Answer
\[
\begin{array}{l}
-\vec{w}+\vec{v}=\left\langle\frac{\sqrt{2}+\sqrt{3}}{2}, \frac{-\sqrt{2}+1}{2}\right\rangle \\
\vec{w}+\vec{v}=\left\langle\frac{-\sqrt{2}+\sqrt{3}}{2}, \frac{\sqrt{2}+1}{2}\right.\rangle
\end{array}
\]
Work Step by Step
Let $\vec{v}=\langle a, b\rangle$ be a vector in 2 -space. The norm of this vector and the angle with respect to the positive $x$ axis are
\[
\begin{aligned}
&\sqrt{b^{2}+a^{2}}=\|\vec{v}\| \\
b / a=\tan \phi &
\end{aligned}
\]
respectively.
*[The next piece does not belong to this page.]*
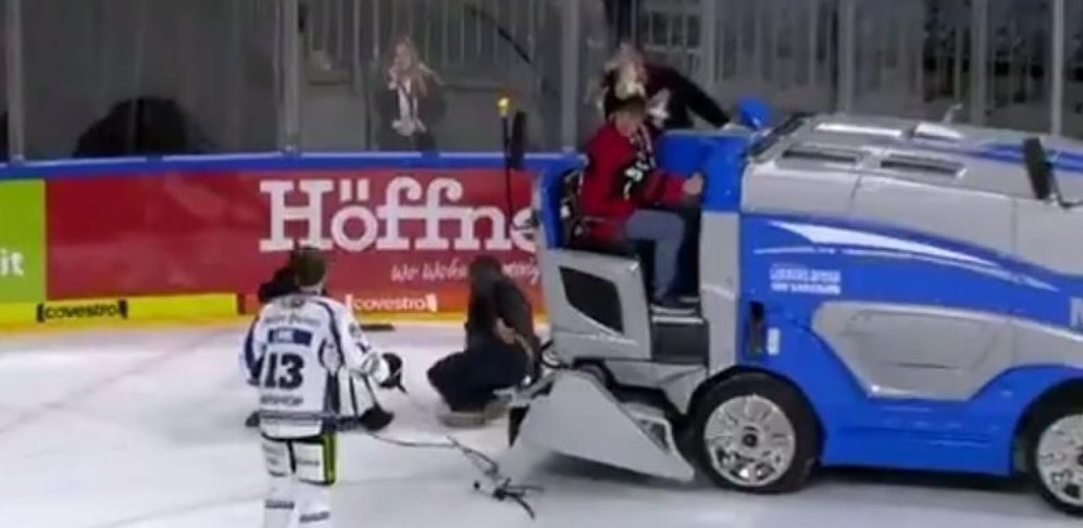 Tigers-Stürmer Stefan Loibl gibt gerade ein Live-TV-Interview und erklärt, dass er bei seinem Tor "mehr Glück als Verstand" hatte, als er plötzlich die Eismaschine erspäht, die auf ihn und die Fernsehleute zusteuert. Geistesgegenwärtig bringt sich der Eishockey-Crack aus der Gefahrenzone.

So
\[
\quad \|\vec{v}\| \sin \phi=b, \|\vec{v}\| \cos \phi=a
\]
and $\vec{v}$ can be written as
\[
\vec{v}=\langle a, b\rangle=\|\vec{v}\|\langle\cos \phi, \sin \phi\rangle
\]
So:
\[
\begin{array}{l}
\vec{v}=\|\vec{v}\|\langle\cos (\pi / \phi), \sin (\pi / 6)\rangle=\left\langle\frac{\sqrt{3}}{2}, \frac{1}{2}\right\rangle \\
\vec{w}=\|\vec{w}\|\left\langle\cos \left(\frac{3 \pi}{4}\right), \sin \left(\frac{3 \pi}{4}\right)\right\rangle=\left\langle-\frac{\sqrt{2}}{2}, \frac{\sqrt{2}}{2}\right\rangle
\end{array}
\]
The components of $-\vec{w}+\vec{v}$ and $\vec{w}+\vec{v}$ are
\[
\begin{array}{l}
\vec{w}+\vec{v}=\left\langle-\frac{\sqrt{2}}{2}, \frac{\sqrt{2}}{2}\right\rangle+\left\langle\frac{\sqrt{3}}{2}, \frac{1}{2}\right\rangle=\left\langle\frac{-\sqrt{2}+\sqrt{3}}{2}, \frac{\sqrt{2}+1}{2}\right\rangle \\
-\vec{w}+\vec{v}=-\left\langle-\frac{\sqrt{2}}{2}, \frac{\sqrt{2}}{2}\right\rangle+\left\langle\frac{\sqrt{3}}{2}, \frac{1}{2}\right\rangle=\left\langle\frac{\sqrt{2}+\sqrt{3}}{2}, \frac{-\sqrt{2}+1}{2}\right\rangle
\end{array}
\]